Work instruction - Omit all pictures, and print word for word only the lines from the one containing "Jakken lukkes nemt" through the end of the data.

Records from a dataset

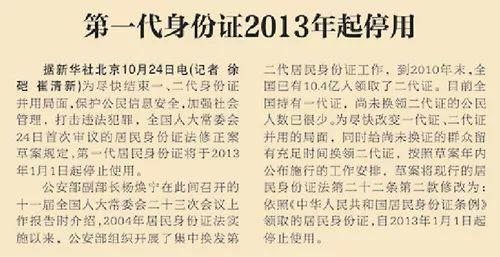 到2010年末,全国已有10.4亿人领取了“二代证”。为尽快结束一、二代身份证并用局面,保护公民信息安全,加强社会管理,打击违法犯罪,“一代证”自2013年1月1日起停止使用。(2011年10月25日《北京日报》4版,《第一代身份证2013年起停用》)
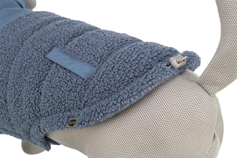 Jakken lukkes nemt med velcro ved bryst og mave, så den er hurtig at tage af og på. En ideel jakke til hunde, der skal holde sig varme og se godt ud på vinterens gåture.
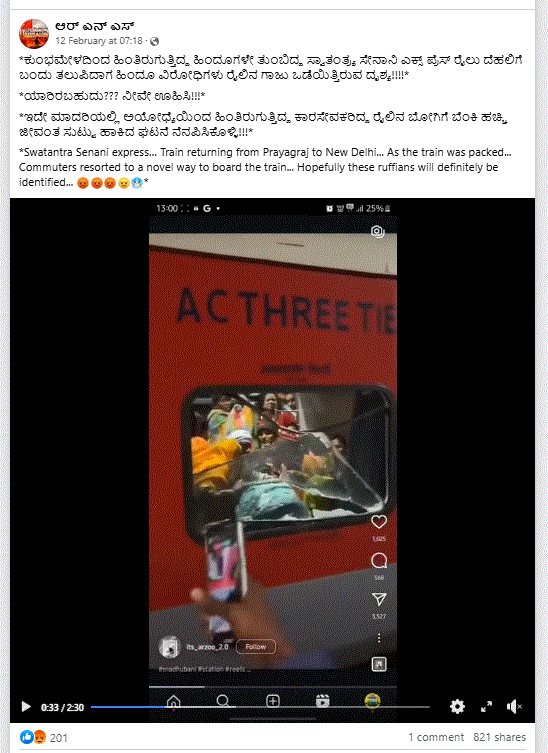 ಫೆಬ್ರವರಿ 12ರಂದು ಆರ್ಎನ್ಎಸ್ ಎಂಬ ಫೇಸ್ಬುಕ್ ಖಾತೆಯಲ್ಲಿ ರೈಲಿನ ಕಿಟಕಿ ಗಾಜನ್ನು ಯುವಕರ ಗುಂಪು ಒಡೆದು ಹಾಕುತ್ತಿರುವ ವಿಡಿಯೋ ಹಂಚಿಕೊಂಡು “ಕುಂಭಮೇಳದಿಂದ ಹಿಂದಿರುಗುತ್ತಿದ್ದ ಹಿಂದೂಗಳೇ ತುಂಬಿದ್ದ ಸ್ವಾಂತಂತ್ರ್ಯ ಸೇನಾನಿ ಎಕ್ಸ್ಪ್ರೆಸ್ ರೈಲು ದೆಹಲಿಗೆ ಬಂದು ತಲುಪಿದಾಗ ಹಿಂದೂ ವಿರೋಧಿಗಳು ರೈಲಿನ ಗಾಜು ಒಡೆಯುತ್ತಿರುವ ದೃಶ್ಯ. ಯಾರಿರಬಹುದು ನೀವೆ ಊಹಿಸಿ. ಇದೇ ಮಾದರಿಯಲ್ಲಿ ಅಯೋಧ್ಯೆಯಿಂದ ಹಿಂದಿರುಗುತ್ತಿದ್ದ ಕರಸೇವಕರಿದ್ದ ರೈಲಿನ ಬೋಗಿಗೆ ಬೆಂಕಿ ಹಂಚಿ ಜೀವಂತ ಸುಟ್ಟು ಹಾಕಿದ ಘಟನೆ ನೆನಪಿಸಿಕೊಳ್ಳಿ” ಎಂದು ಬರೆಯಲಾಗಿತ್ತು.
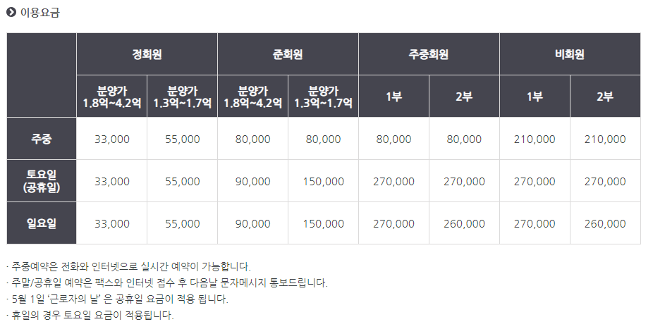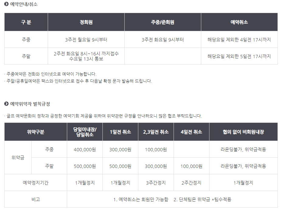 서원밸리cc 이용요금 및 예약 안내
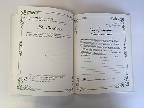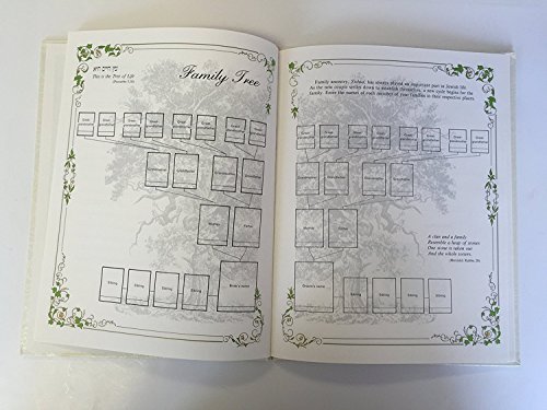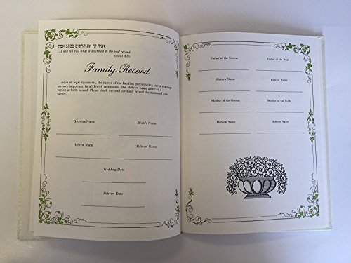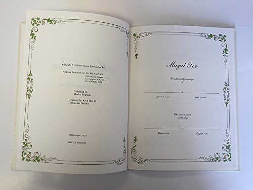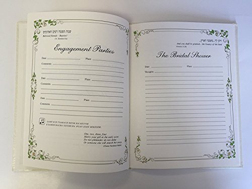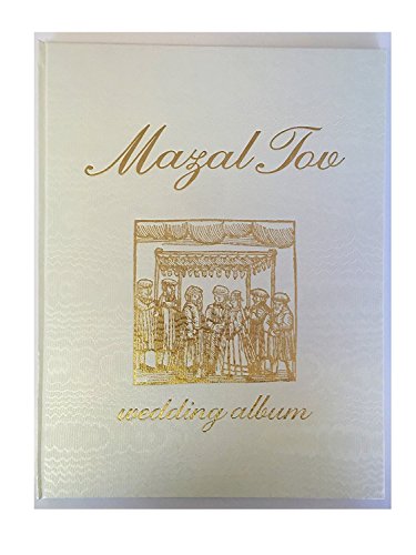 White Wedding Album Guest Registry Journal with Brass 'Mazel Tov' and Chuppah Scene Engraving

Response below -
 Jakken lukkes nemt med velcro ved bryst og mave, så den er hurtig at tage af og på. En ideel jakke til hunde, der skal holde sig varme og se godt ud på vinterens gåture.
 ಫೆಬ್ರವರಿ 12ರಂದು ಆರ್ಎನ್ಎಸ್ ಎಂಬ ಫೇಸ್ಬುಕ್ ಖಾತೆಯಲ್ಲಿ ರೈಲಿನ ಕಿಟಕಿ ಗಾಜನ್ನು ಯುವಕರ ಗುಂಪು ಒಡೆದು ಹಾಕುತ್ತಿರುವ ವಿಡಿಯೋ ಹಂಚಿಕೊಂಡು “ಕುಂಭಮೇಳದಿಂದ ಹಿಂದಿರುಗುತ್ತಿದ್ದ ಹಿಂದೂಗಳೇ ತುಂಬಿದ್ದ ಸ್ವಾಂತಂತ್ರ್ಯ ಸೇನಾನಿ ಎಕ್ಸ್ಪ್ರೆಸ್ ರೈಲು ದೆಹಲಿಗೆ ಬಂದು ತಲುಪಿದಾಗ ಹಿಂದೂ ವಿರೋಧಿಗಳು ರೈಲಿನ ಗಾಜು ಒಡೆಯುತ್ತಿರುವ ದೃಶ್ಯ. ಯಾರಿರಬಹುದು ನೀವೆ ಊಹಿಸಿ. ಇದೇ ಮಾದರಿಯಲ್ಲಿ ಅಯೋಧ್ಯೆಯಿಂದ ಹಿಂದಿರುಗುತ್ತಿದ್ದ ಕರಸೇವಕರಿದ್ದ ರೈಲಿನ ಬೋಗಿಗೆ ಬೆಂಕಿ ಹಂಚಿ ಜೀವಂತ ಸುಟ್ಟು ಹಾಕಿದ ಘಟನೆ ನೆನಪಿಸಿಕೊಳ್ಳಿ” ಎಂದು ಬರೆಯಲಾಗಿತ್ತು.
 서원밸리cc 이용요금 및 예약 안내
 White Wedding Album Guest Registry Journal with Brass 'Mazel Tov' and Chuppah Scene Engraving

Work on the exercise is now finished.